Let me preface this: I have absolutely no incentive from North Shore Chiro to share this story, and this wasn’t prompted by them in any way. Truly, this is intended to encourage you to consider how you approach customers, not to promote North Shore Chiropractic.
For the sake of this conversation, I’d like to deflate the buzz out of the word “experience”. It’s really the pop-word defining the digital industry right now - everything is framed in terms of user experience. How does the service or app or website make you feel? How does it sound to your ears? How do you remember it? If it were a person, would it be your friend? Would you date it?
It’s not all about experience, certainly. At the end of the day, your software-as-a-service has to do whatever the software part is, not just look pretty and make you feel good.

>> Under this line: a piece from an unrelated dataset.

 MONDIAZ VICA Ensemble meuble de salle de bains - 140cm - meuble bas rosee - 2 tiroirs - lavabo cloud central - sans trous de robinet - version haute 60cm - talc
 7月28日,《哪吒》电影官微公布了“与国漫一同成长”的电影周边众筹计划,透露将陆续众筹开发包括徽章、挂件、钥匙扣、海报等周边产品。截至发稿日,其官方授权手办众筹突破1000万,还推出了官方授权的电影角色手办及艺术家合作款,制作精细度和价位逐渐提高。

That being said, experience is certainly incredibly important, beyond the buzz. I don’t go to a chiropractor for the experience though.

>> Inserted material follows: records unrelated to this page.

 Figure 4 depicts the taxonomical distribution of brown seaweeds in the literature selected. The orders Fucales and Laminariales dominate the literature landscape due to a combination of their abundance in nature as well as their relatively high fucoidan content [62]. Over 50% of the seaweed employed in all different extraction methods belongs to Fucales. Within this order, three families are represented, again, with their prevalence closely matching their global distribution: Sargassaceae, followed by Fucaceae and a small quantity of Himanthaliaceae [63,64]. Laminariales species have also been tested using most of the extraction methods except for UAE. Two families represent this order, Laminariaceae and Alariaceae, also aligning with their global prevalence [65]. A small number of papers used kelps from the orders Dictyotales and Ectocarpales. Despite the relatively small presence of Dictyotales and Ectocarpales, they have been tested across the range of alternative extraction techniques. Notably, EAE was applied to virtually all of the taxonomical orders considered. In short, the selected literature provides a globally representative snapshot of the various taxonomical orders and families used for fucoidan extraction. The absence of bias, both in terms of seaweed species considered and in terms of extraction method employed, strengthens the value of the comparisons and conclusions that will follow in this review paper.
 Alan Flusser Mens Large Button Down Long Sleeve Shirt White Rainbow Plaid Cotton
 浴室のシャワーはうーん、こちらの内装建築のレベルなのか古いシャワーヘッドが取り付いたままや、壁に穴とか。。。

See, I go to the chiropractor because I have general back pain and want to receive some training on how to improve my movement, posture, and health habits. If I can get that out of the chiropractor, he doesn’t have to be my friend.
Which is why it was so cool that my new chiropractor focuses so much on experience, and the new customer process.
You see, it isn’t really specifically difficult for a chiropractor to go above and beyond his competitors in this area. Few in-person businesses don’t really have much of a positive experience up front, especially waiting rooms. You fill out forms, you wait in line, you give up your insurance card… It’s not difficult to beat that. But it does take a concerted decision to do so.
North Shore Chiro made that effort. I got a tour of the facility, a gift, and a personal, lengthy consultation with the chiropractor. Not only that, but everyone in the building already knew my name the first time I walked in the door. On return visits, I receive free drinks and personal service similar to the first visit. My chiropractor knows my birthday, and thus my age. It’s simple, but you know what? I appreciate that effort. He doesn’t have to be my friend, but it doesn’t hurt that he acts like my friend.
How are you treating your new customers? How are you making incredible, unique, above-average experiences for your new customers, regardless of what you do?